* **Your objective**
In the entries below, which lines run from the one with "이는 21일 '페라리" through the one with "3D emoji gothic"? Repeat exactly those, both included, and no pictures.

* **Data excerpts**
___

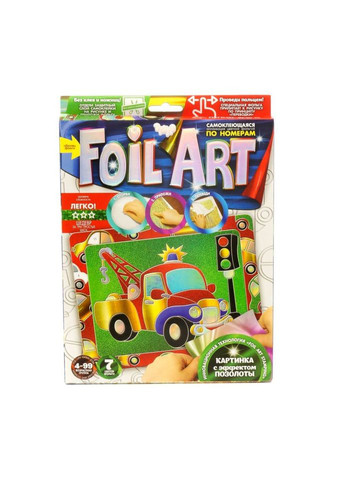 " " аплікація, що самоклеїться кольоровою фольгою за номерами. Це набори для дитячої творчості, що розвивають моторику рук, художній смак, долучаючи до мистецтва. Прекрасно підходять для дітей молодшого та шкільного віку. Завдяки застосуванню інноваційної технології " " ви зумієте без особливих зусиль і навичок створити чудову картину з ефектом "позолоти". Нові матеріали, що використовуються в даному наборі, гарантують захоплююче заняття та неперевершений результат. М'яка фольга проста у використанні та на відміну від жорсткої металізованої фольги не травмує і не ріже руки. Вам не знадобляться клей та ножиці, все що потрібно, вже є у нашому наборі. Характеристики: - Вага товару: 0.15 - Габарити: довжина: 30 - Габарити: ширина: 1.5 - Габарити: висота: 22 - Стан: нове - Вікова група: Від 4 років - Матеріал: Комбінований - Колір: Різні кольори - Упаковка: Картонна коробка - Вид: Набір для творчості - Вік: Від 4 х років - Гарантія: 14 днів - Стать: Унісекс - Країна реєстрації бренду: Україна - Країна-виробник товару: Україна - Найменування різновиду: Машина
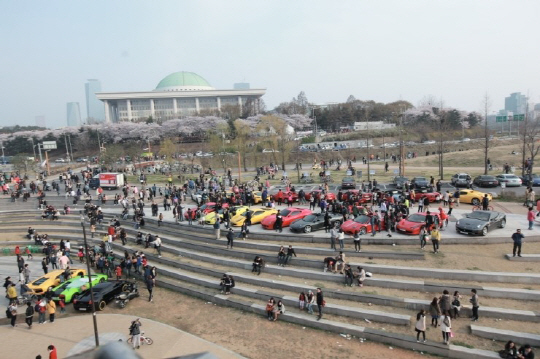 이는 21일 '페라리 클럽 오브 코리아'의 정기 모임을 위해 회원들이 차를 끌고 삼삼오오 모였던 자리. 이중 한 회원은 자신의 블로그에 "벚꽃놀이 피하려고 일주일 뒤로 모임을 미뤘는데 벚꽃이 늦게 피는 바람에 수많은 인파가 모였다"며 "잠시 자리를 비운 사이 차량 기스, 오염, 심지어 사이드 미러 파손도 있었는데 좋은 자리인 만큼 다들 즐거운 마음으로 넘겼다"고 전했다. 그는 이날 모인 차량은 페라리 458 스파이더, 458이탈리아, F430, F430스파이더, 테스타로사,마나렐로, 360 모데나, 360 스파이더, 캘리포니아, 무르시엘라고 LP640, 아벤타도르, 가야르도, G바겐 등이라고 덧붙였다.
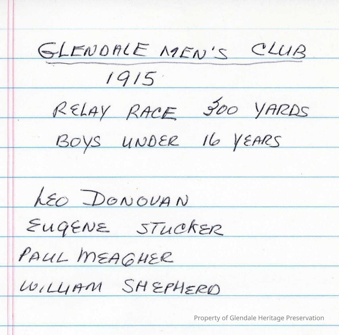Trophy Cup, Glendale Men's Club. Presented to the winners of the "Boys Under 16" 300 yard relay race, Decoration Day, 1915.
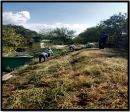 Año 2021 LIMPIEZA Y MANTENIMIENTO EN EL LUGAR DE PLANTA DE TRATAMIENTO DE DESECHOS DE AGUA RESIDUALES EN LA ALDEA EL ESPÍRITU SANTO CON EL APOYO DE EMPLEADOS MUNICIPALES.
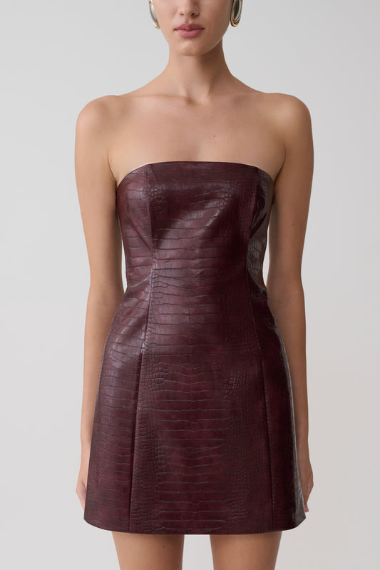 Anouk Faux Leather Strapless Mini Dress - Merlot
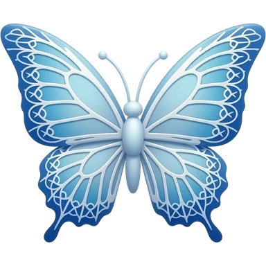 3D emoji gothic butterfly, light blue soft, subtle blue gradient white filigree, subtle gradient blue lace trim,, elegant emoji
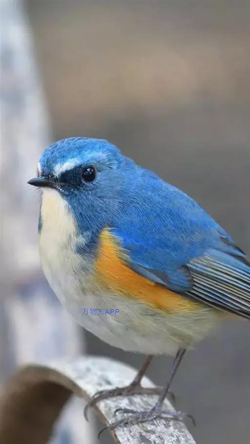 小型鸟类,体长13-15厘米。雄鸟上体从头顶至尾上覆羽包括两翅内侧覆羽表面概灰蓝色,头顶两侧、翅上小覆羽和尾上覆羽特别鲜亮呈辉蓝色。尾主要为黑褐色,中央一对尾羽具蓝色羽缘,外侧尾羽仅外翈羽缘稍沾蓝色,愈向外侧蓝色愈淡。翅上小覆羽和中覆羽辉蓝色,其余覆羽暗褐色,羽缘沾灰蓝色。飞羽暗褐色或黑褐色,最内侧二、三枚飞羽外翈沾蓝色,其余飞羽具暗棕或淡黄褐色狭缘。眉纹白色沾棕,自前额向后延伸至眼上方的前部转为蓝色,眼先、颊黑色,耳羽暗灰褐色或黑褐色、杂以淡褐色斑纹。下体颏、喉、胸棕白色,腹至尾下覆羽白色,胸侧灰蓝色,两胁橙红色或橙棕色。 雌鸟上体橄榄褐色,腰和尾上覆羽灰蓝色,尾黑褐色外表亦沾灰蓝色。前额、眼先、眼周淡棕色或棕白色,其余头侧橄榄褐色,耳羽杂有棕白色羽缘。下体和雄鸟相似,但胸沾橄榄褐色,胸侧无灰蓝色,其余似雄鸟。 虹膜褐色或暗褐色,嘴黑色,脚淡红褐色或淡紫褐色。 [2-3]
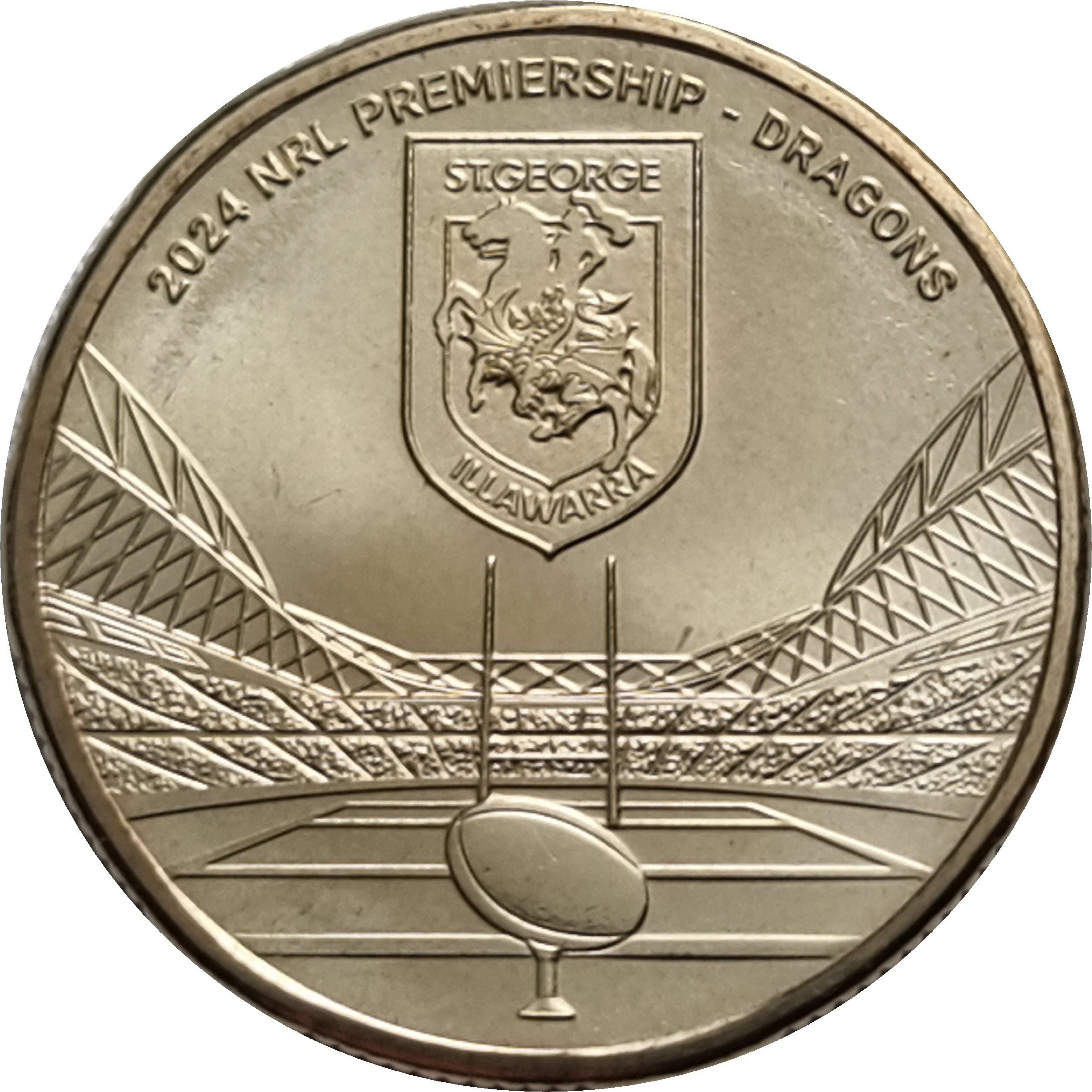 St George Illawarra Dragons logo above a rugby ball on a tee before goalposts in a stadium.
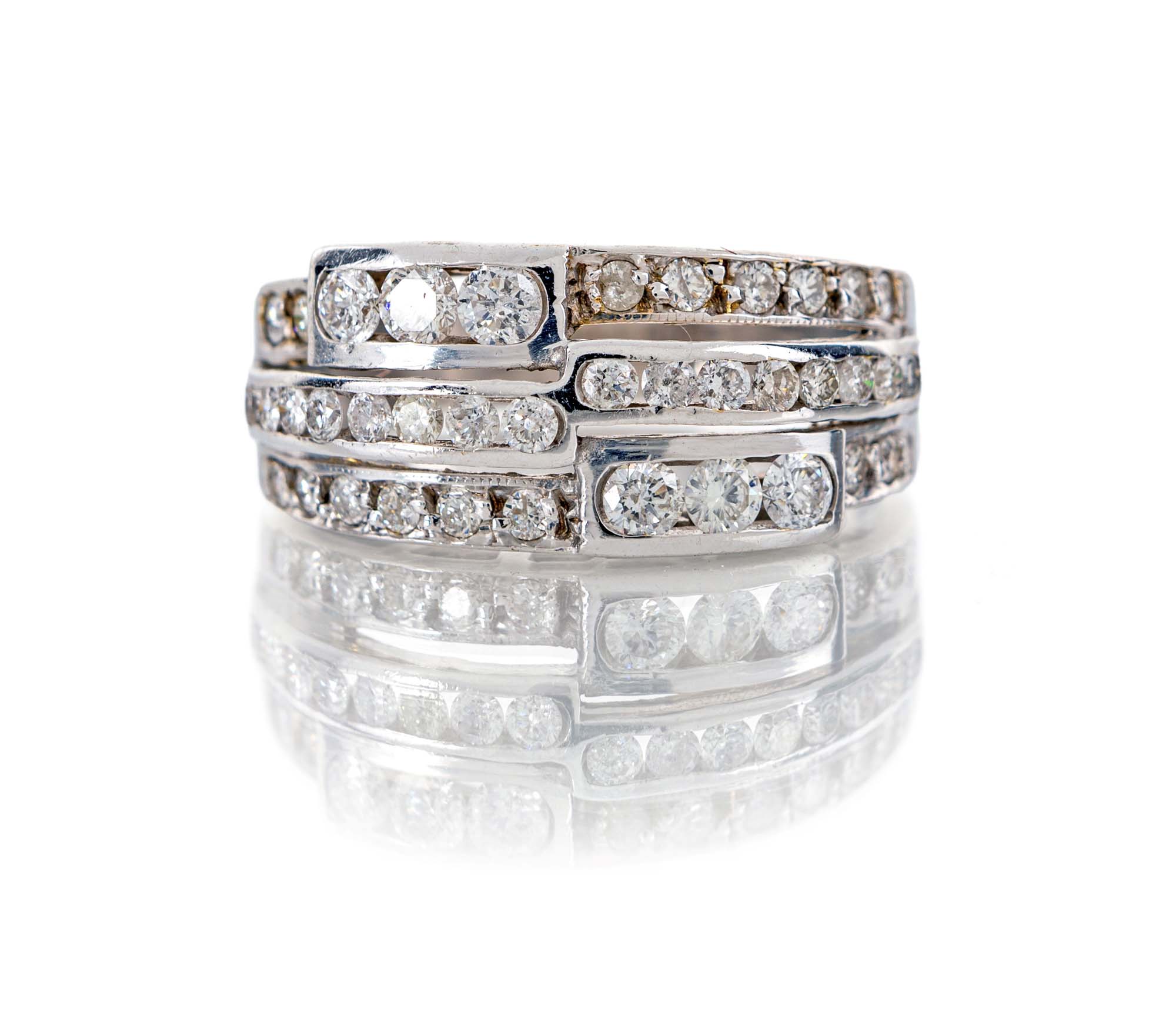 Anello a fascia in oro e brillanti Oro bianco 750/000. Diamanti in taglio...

___

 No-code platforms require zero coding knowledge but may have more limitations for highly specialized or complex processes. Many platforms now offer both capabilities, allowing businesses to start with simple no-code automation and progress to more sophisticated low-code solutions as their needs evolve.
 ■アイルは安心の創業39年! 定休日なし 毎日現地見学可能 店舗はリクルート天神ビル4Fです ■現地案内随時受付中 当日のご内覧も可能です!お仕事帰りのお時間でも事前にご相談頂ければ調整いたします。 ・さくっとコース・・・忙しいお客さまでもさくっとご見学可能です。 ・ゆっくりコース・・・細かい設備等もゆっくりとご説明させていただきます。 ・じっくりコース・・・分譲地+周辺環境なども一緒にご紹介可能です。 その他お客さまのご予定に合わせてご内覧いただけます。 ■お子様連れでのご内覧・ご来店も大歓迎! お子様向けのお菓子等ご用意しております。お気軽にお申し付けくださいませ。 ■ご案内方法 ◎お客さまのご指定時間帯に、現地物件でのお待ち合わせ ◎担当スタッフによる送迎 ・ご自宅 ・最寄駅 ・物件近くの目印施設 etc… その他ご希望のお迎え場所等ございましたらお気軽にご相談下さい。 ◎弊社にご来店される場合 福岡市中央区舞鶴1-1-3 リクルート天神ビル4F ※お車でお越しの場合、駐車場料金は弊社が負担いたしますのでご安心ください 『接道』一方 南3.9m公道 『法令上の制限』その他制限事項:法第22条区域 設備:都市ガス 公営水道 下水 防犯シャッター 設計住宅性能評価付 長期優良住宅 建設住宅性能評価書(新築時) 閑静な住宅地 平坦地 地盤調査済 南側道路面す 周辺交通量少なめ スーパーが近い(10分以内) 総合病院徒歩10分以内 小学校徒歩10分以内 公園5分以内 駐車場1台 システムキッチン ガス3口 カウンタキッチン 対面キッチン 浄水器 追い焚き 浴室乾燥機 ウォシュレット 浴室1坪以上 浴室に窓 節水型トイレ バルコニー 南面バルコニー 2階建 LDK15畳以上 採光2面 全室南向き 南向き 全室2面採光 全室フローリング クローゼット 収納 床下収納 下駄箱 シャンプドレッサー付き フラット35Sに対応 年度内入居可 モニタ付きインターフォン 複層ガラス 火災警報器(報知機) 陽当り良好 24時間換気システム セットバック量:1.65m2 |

___

* **Completed exercise**
 이는 21일 '페라리 클럽 오브 코리아'의 정기 모임을 위해 회원들이 차를 끌고 삼삼오오 모였던 자리. 이중 한 회원은 자신의 블로그에 "벚꽃놀이 피하려고 일주일 뒤로 모임을 미뤘는데 벚꽃이 늦게 피는 바람에 수많은 인파가 모였다"며 "잠시 자리를 비운 사이 차량 기스, 오염, 심지어 사이드 미러 파손도 있었는데 좋은 자리인 만큼 다들 즐거운 마음으로 넘겼다"고 전했다. 그는 이날 모인 차량은 페라리 458 스파이더, 458이탈리아, F430, F430스파이더, 테스타로사,마나렐로, 360 모데나, 360 스파이더, 캘리포니아, 무르시엘라고 LP640, 아벤타도르, 가야르도, G바겐 등이라고 덧붙였다.
Trophy Cup, Glendale Men's Club. Presented to the winners of the "Boys Under 16" 300 yard relay race, Decoration Day, 1915.
 Año 2021 LIMPIEZA Y MANTENIMIENTO EN EL LUGAR DE PLANTA DE TRATAMIENTO DE DESECHOS DE AGUA RESIDUALES EN LA ALDEA EL ESPÍRITU SANTO CON EL APOYO DE EMPLEADOS MUNICIPALES.
 Anouk Faux Leather Strapless Mini Dress - Merlot
 3D emoji gothic butterfly, light blue soft, subtle blue gradient white filigree, subtle gradient blue lace trim,, elegant emoji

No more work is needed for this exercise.